WASHINGTON, D.C. — On Tuesday, Feb. 14, the U.S. Senate voted 54-45 to confirm President Joe Biden’s 100th judicial nominee, Gina R. Méndez-Miró, to be a district court judge in Puerto Rico. Including this confirmation, Biden and Senate Democrats have confirmed 69 district court judges, 30 appellate court judges and one U.S. Supreme Court justice. With the confirmation of Mendez-Miro, Democrats reached an important milestone in their effort to bring balance and diversity to federal courts across the country.
Notably, Biden’s nominations will change the composition of the federal judiciary to be more diverse in terms of racial and ethnic backgrounds as well as professional backgrounds.

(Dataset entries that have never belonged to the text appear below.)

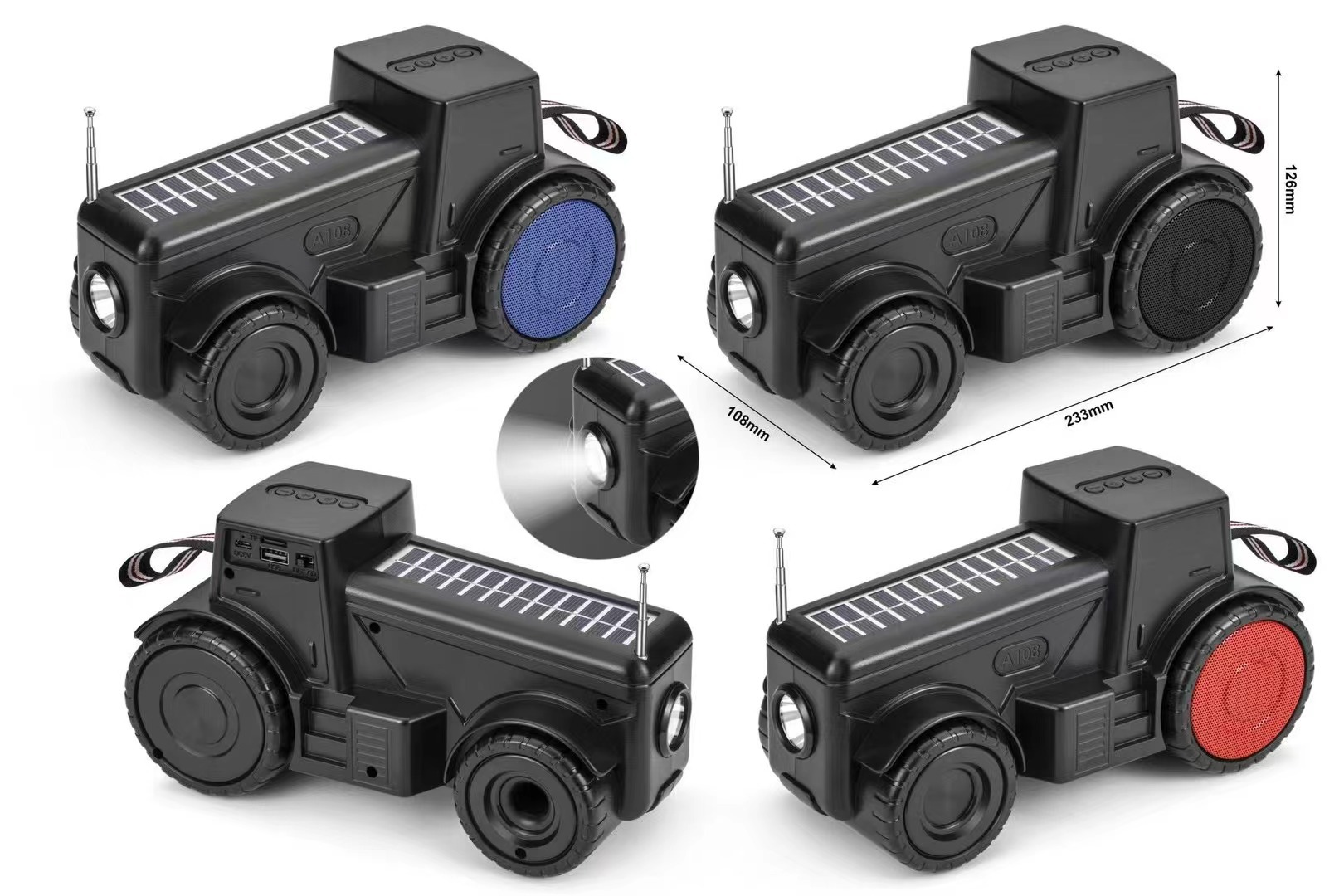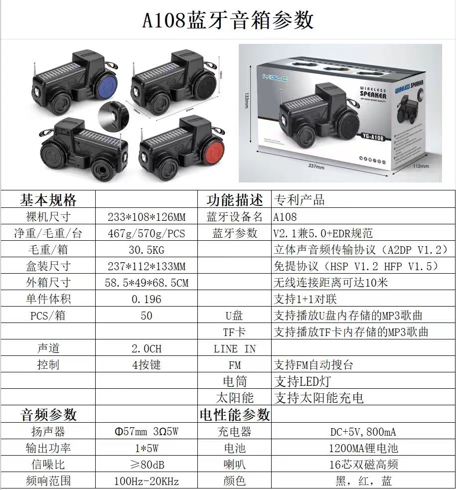 새로운 YG-A108 아프리카 뜨거운 판매 자동차 모델 무선 블루투스 스피커 태양 전지 패널 충전 손전등 스피커
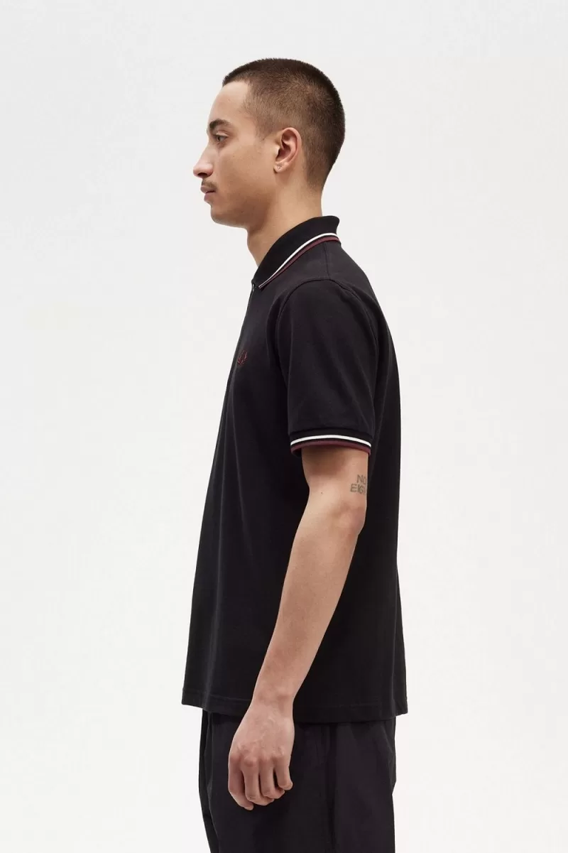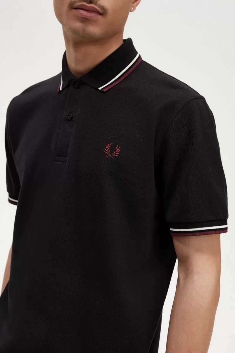 Fred Perry M12 Men’s Shirt Black Beige Oxblood UFDBN4275
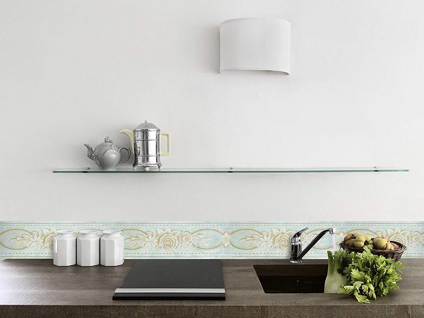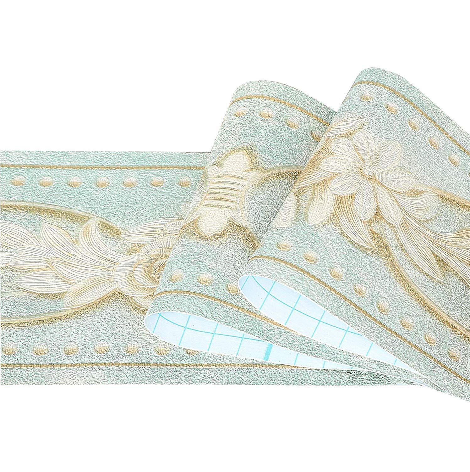 Yoillione トリムボーダー マスキングテープ シール壁紙 インテリアシール 浮彫 凹凸 牡丹 リメイクシート キッチンシール 北欧 防水剥がせる ボーダーテープ ウォールステッカー 花 3d 大きい 青 立体 トイレ 洗面所 リビング 玄関 【薄いグリーン 幅10.6cm×長5m】N
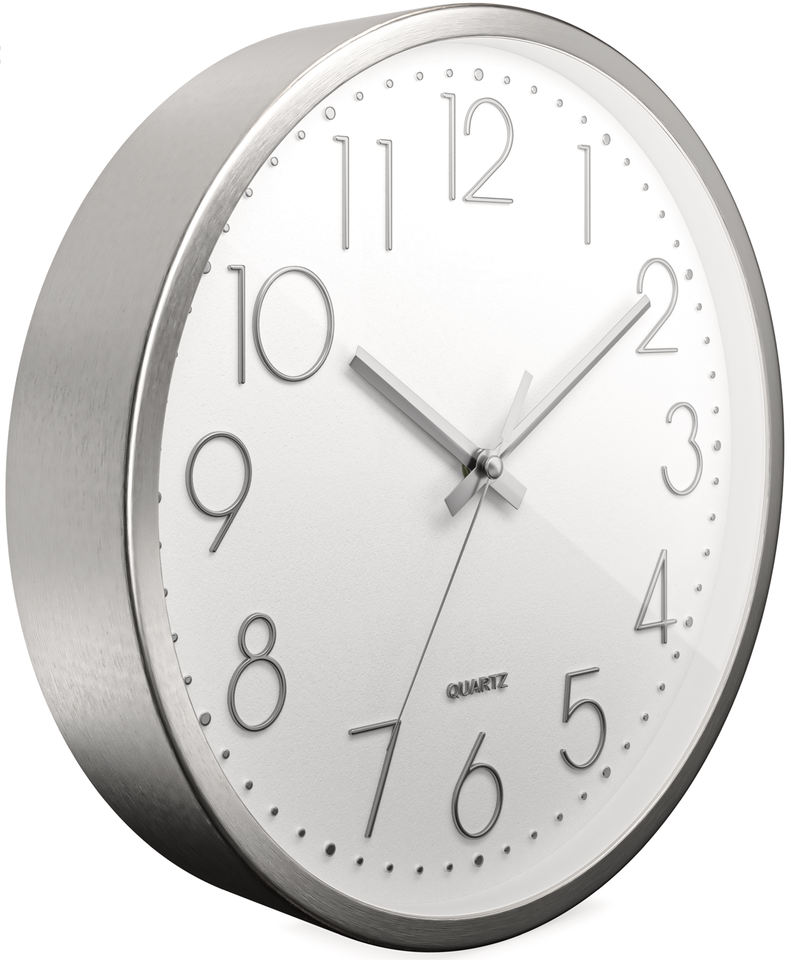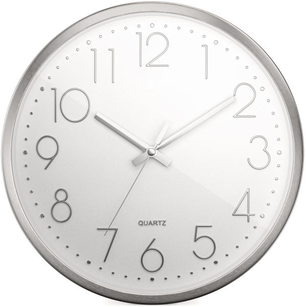 Horloge murale suspendue en aluminium blanc de 12 pouces avec chiffres 3D en métal, style nordique, mouvement à quartz, pour salon scandinave, galerie d'art lumineuse
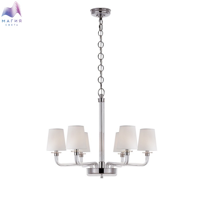 Подвесная люстра Delight Collection BRCH9021-6 с шестью абажурами белого цвета выглядит изящно и легко! Основание люстры выполнено из металла никелированного цвета и прозрачного стекла.
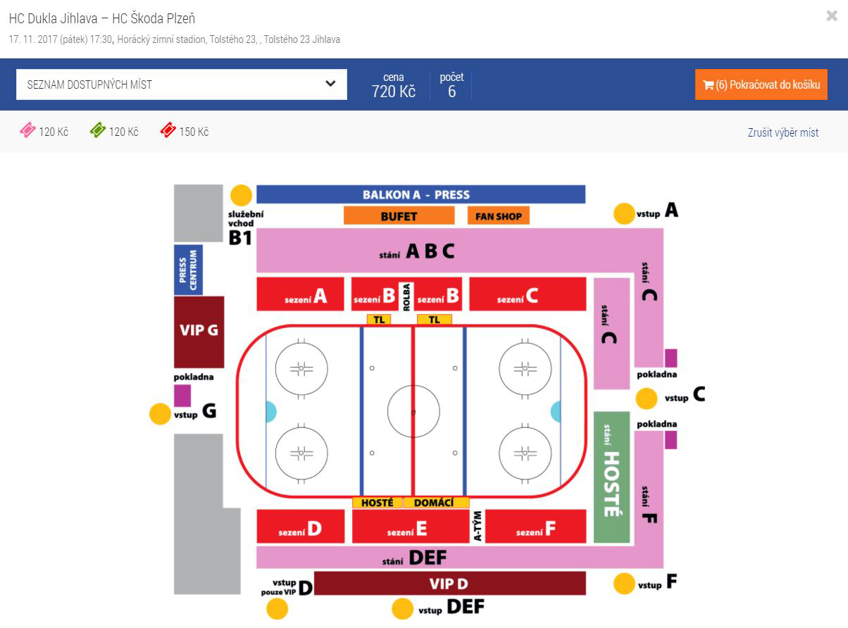 - Jeden uživatel může koupit maximálně 6 vstupenek. V sektorech na sezení je nutné zvolit požadované místo

According to a press release by Senate Democrats, 68% of the federal bench nominees confirmed by the Senate have been people of color and 76% have been women. In terms of professional experience, Sahil Kapur of NBC News reports that “Biden has picked unusually high numbers of public defenders, civil rights lawyers and labor lawyers compared to his predecessors from both parties.”
Filling judicial vacancies in federal courts is crucial as conservatives have packed the courts for years. While 86 vacancies for both federal district and appellate courts still remain, today it is clear that progress to fill these vacancies with younger and more diverse judges is being made.